How to Scrape eBay Listings with Python

Share:

Scrape eBay Using Python and lxml

Table of Content

eBay is the second most visited online marketplace; It gets around 1.2 billion monthly visitors. Therefore, you can get plenty of insights into your competitors and your brand if you scrape data from eBay. In this tutorial, you can learn how to scrape eBay listings using Python.

Data Extracted by Scraping eBay

Here, you will scrape data from eBay to get three pieces of information.

  • Price
  • Title
  • URL

To locate these, you must analyze the webpage and understand the XPaths. You can use the developer options to figure them out.

Screenshot showing data points scraped using Python and lxml

Set up the environment

To scrape eBay with Python, you must first set up the environment by installing Python and the necessary packages. This Python script to search eBay uses three external libraries.

  • requests
  • Unicodecsv
  • lxml

You can install them using Python pip.

pip install requests unicodecsv lxml

Scrape eBay Listings: The Code

The first part of the code to scrape data from eBay contains import statements.
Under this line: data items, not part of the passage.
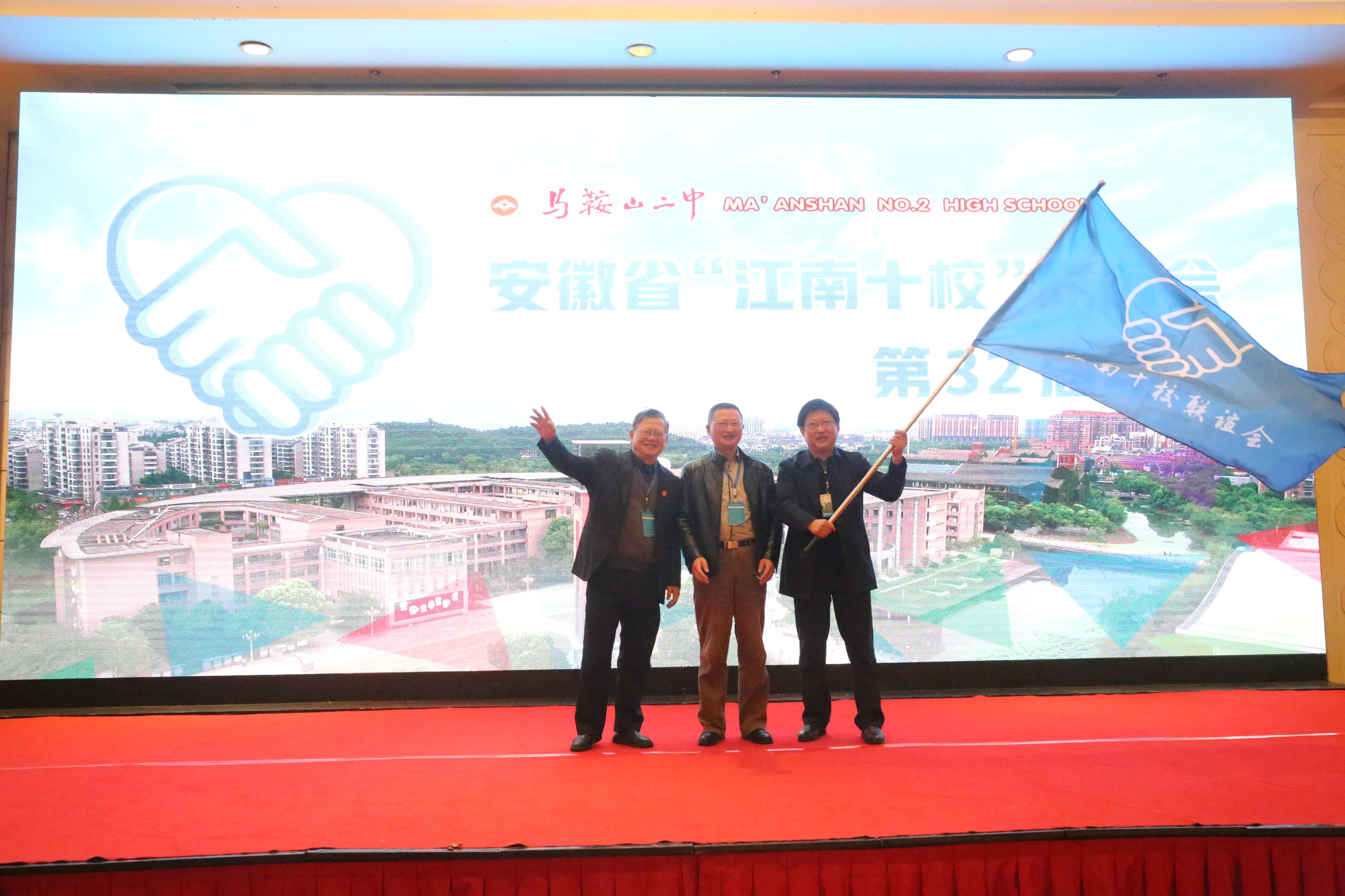 年會最(zuì)後,馬(mǎ)鞍山(shān)二中將年會會旗交(jiāo)給第33屆(jiè)江南十校聯誼(yì)會承(chéng)辦(bàn)學校寧國(guó)中學,預祝下屆(jiè)年會順利舉行。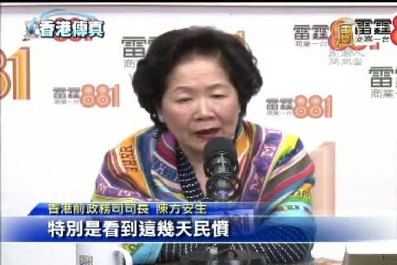 香港免費電視牌照風波引發全城激憤,繼陳日君樞機後,前政務司司長陳方安生日前出席一電臺節目時,以痛心氣憤形容今次香港電視發牌風波,並指事件衝擊梁振英的管治威信。 //asset2.ntdtv.com.tw/public/uploads/video/2013/10/28/20131028-17962563.mp4 真相中國|香港傳真|港視|陳方安生|梁振英|香港2013-10-27 21:02:32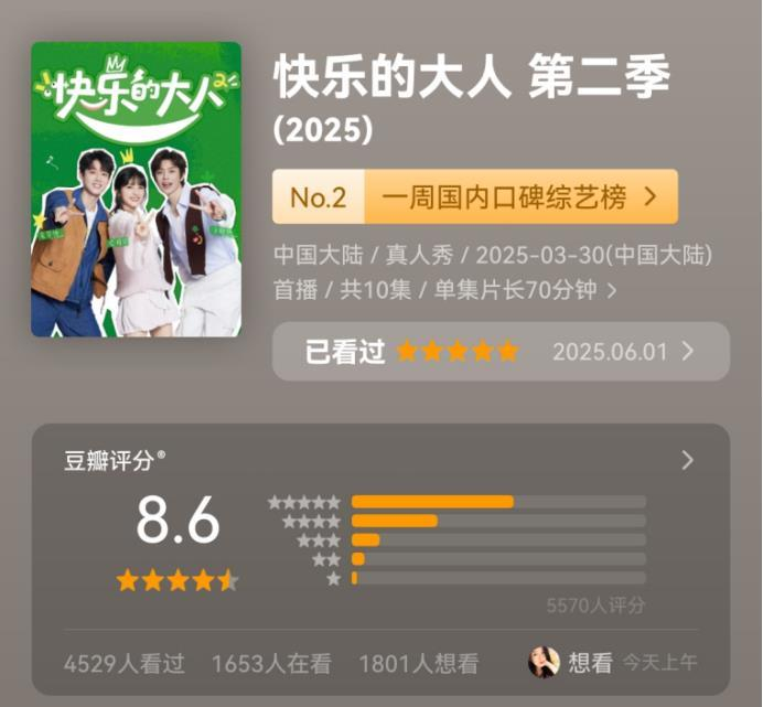 《快乐的大人2》以豆瓣开分8.6、一周口碑综艺榜TOP1的成绩延续了第一季的超高口碑。节目通过沈月、王敬轩、吴宇恒三位好友真实、松弛、充满烟火气的日常相处,向观众精准传递了“快乐并非是遥不可及的奢望”,它蕴藏在真诚友谊、微小确幸与享受当下之中,是一种选择与能力。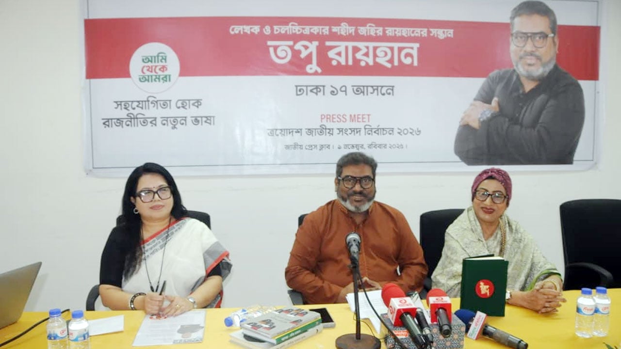 রোববার জাতীয় প্রেসক্লাবে এক সংবাদ সম্মেলনে তিনি এসব কথা বলেন। সেখানে চলচ্চিত্রকার জহির রায়হানের পুত্র তপু রায়হানের ঢাকা-১৭ আসনে আসন্ন জাতীয় সংসদ নির্বাচনে প্রার্থিতা নিয়ে আলোচনা হয়।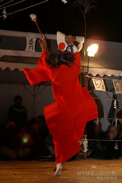 このページでは、祓川神楽の「金山(かなやま)」の写真を掲載しております。 金山(かなやま)鬼神の1人舞。緋狩衣・白足袋を着用し、扇子・藤の鞭を持つ。最後に、地割舞で四方に配った矢を回収する「矢取り」を行う。終了後、地割のセキが御幣を四方に配置する。 (説明は高原町Webサイトより一部引用) 写真はクリックすると別ウインドウで1280pixに拡大します。 |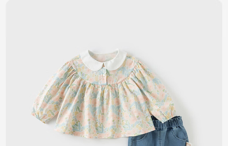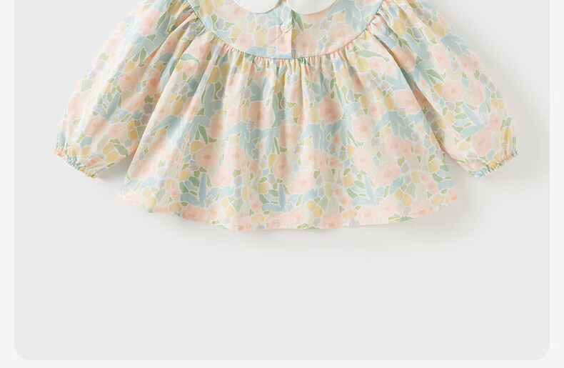 DAVE&BELLA pure cotton girls' shirts, baby girls' long-sleeved tops, spring clothes, new styles, children's shirts, children's clothes, flower print, in stock, 130 cm (recommended height 120-130cm)

These will allow you to use the libraries and the modules.

import argparse
import requests
import unicodecsv as csv
from lxml import html

Here,

  • argparse allows you to make your script accessible from the command line
  • unicodecsv enables you to read and write CSV
  • requests can send HTTP requests and receive response
  • lxml can parse HTML code

The code has one defined function, parse(). Its purpose is to

1. Accept a brand name

This code gets the brand name from the user as a command line argument. You use the argparse module for that.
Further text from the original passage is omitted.